Ho Jeong Kwon has obtained his BSc from Seoul National University, Korea and has completed his MS and PhD from University of Tokyo, Japan and Postdoctoral studies from Harvard University, USA. He is a Professor of Department of Biotechnology, Yonsei University, Korea and Director of Chemical Genomics Global Research Laboratory. He is serving as a Council Member of HUPO, the President of KHUPO and has been serving as a Council Member, Secretary General and Vice President of AOHUPO. He has published more than 170 papers in reputed journals and is an Editorial Board Member of repute journals.

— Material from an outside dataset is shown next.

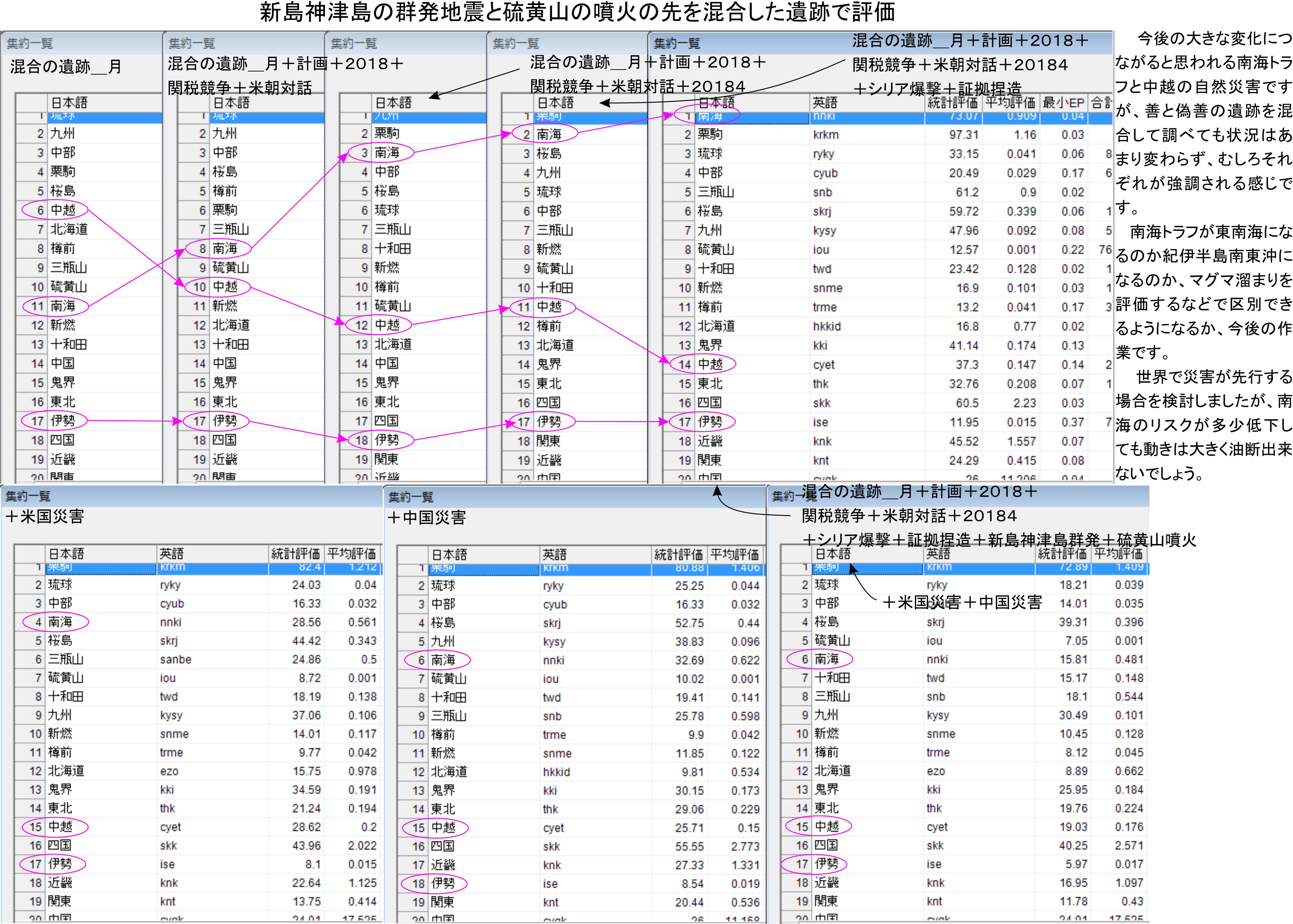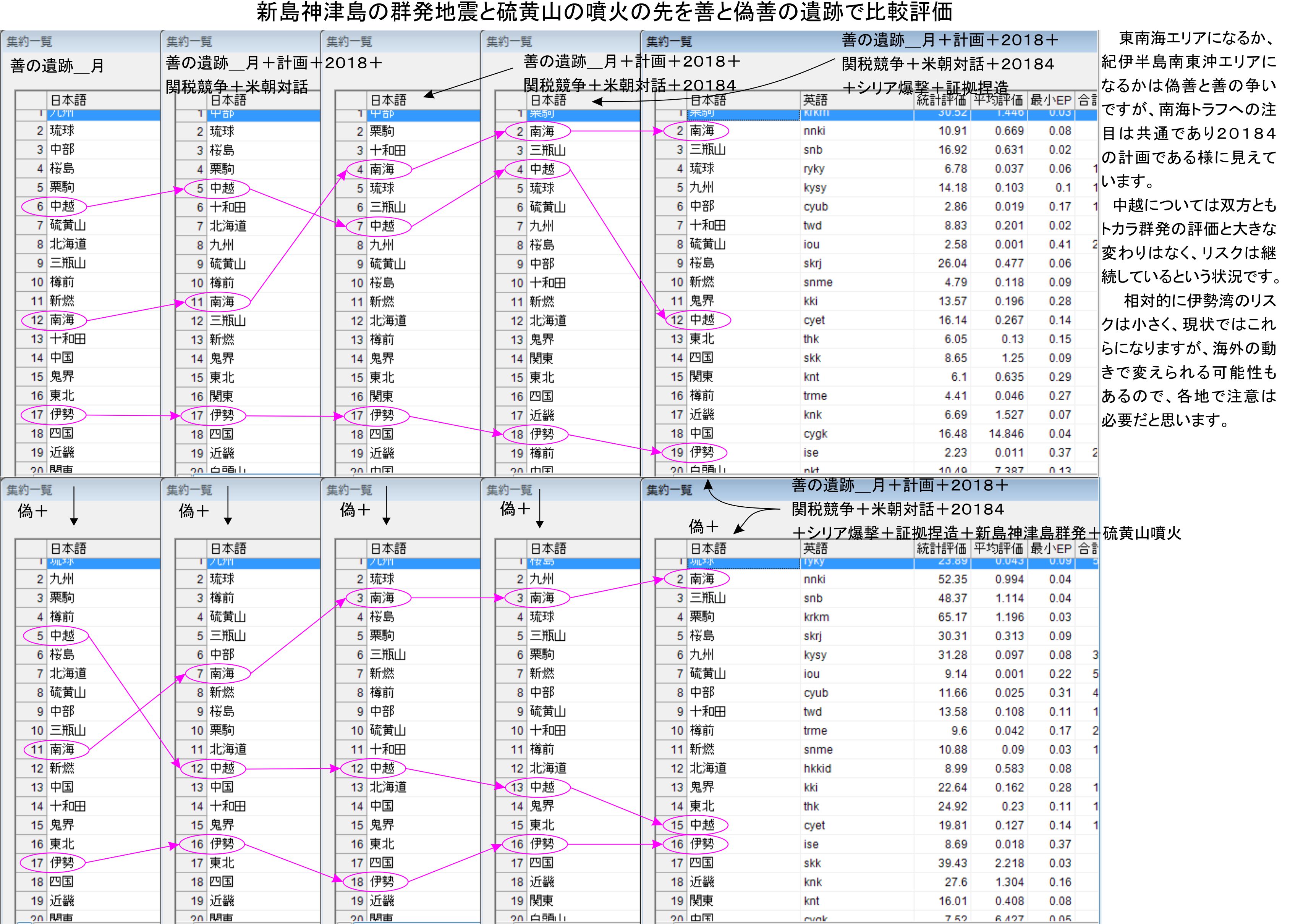 今後の大きな変化につながると思われる南海トラフと中越の自然災害ですが、善と偽善の遺跡を混合して調べても状況はあまり変わらず、むしろそれぞれが強調される感じです。

Ubiquinol-cytochrome C reductase binding protein (UQCRB), one of subunits of mitochondrial complex III, is a specific cellular binding protein of anti-angiogenic natural small molecule, terpestacin. Mitochondrial Complex III (cytochrome bc1 complex) has been reported as a crucial regulator in hypoxia-induced angiogenesis through mitochondria-derived reactive oxygen species (ROS) involved oxygen sensing. Here, cell permeable recombinant UQCRB protein is generated using protein transduction domain (PTD), a small peptide transferring its binding partner into the cell to uncover the biological role of UQCRB. Consequently, PTD-UQCRB transduction enhances generation of mitochondrial ROS and HIF-1α stability. Also, trans-membrane delivery of PTD-UQCRB induces vascular endothelial growth factor (VEGF) expression and invasion of human umbilical vascular endothelial cells (HUVECs) in vitro. Furthermore, PTD-UQCRB treatment enhances wound healing in vivo. These results imply new insights into the function of PTD-UQCRB in angiogenesis via mitochondria-mediated ROS generation and also open new basis on application of PTD-UQCRB as a pro-angiogenic agent via regulating mitochondrial function.